Green Book was the winner of Best Picture and Best Original Screenplay at the Academy Awards in 2019, a curious feat particularly because its director and co-writer, Peter Farrelly, had spent most of his career previously directing broad, gross-out romantic comedies such as There's Something About Mary, Dumb & Dumber, and Shallow Hal. Many were surprised when Farrelly, who had never been nominated for an award, took one home for a feel-good redemption drama about race relations in 1960s America.
In addition to directing the film, Farrelly co-wrote the screenplay with Tony Vallelonga's son Nick Vallelonga and Brian Hayes Currie. Currie, a friend of Farrelly's, brought the premise to Farrelly and asked if he'd like to collaborate. "I was like, 'That's the best story I've ever heard! Can I write it with you?'" Farrelly told Newsweek.
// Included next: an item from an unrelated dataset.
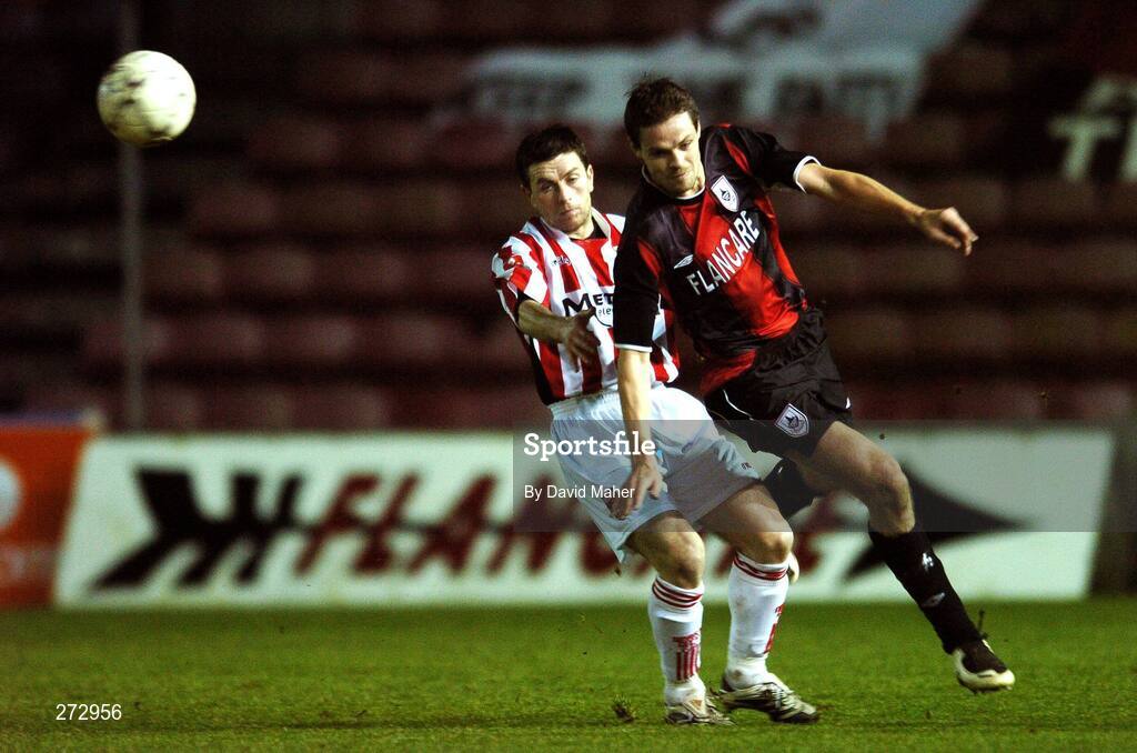 9 November 2007; Robbie Martin, Longford Town, in action against Eddie McCallion, Derry City. eircom League of Ireland Premier Division, Longford Town v Derry City, Flancare Park, Longford. Picture credit; David Maher / SPORTSFILE

Filming took place in New Orleans in November 2017. Peter Farrelly fought against preconceptions about his work throughout production and marketing for the film, telling Newsweek, "People didn't know what I would do with this material. It was an uphill battle." Indeed, the studio and Farrelly were so worried about this misperception of Farrelly's style that they omitted his name from the initial trailer for the film.
In addition to fighting preconceptions about his relationship to genre, Farrelly faced a huge backlash after the release of the film from viewers who criticized its depiction of race relations, its recapitulation of the "white savior" trope, and even criticism from the real Don Shirley's family. In his review of the film, A.A. Dowd of AV Club wrote, "Intentionally or not, it flatters the delusion that racism, in its ugliest form, is more of a past-tense problem" and The New Yorker's Richard Brody wrote, "Humor... keeps the movie floating, weightlessly, above the appalling bedrock of its ponderous assumptions." Many felt that it flattened and anesthetized racial realities that were far more complicated than it acknowledged, and thus shirked responsibility for its historical background. Meanwhile, Don Shirley's family suggested that no such friendship existed between the two men, and called the film a "symphony of lies."
To counteract these criticisms, Farrelly revealed an audio recording from Lost Bohemia, a documentary in which Don Shirley says, "I trusted [Vallelonga] implicitly. See, Tony got to be, not only was he my driver, we never had an employer-employee relationship. We didn’t have time for that. My life was in this man’s hands. Do you understand me? So we got to be friendly with one another. I taught him things because he couldn’t talk, he was one of those Lower East Side Italians who had jowls like a bulldog.” In an interview with Vanity Fair, Farrelly said he tried to get in touch with Shirley's family, but adds, "I wish I could have talked to the family earlier...But I don’t think it would have changed the story, because we were talking about a two-month period [of Vallelonga and Shirley on the road together]. Those were the only people that were there. . . . I would have just let [the family] know as a courtesy that we are making this movie.”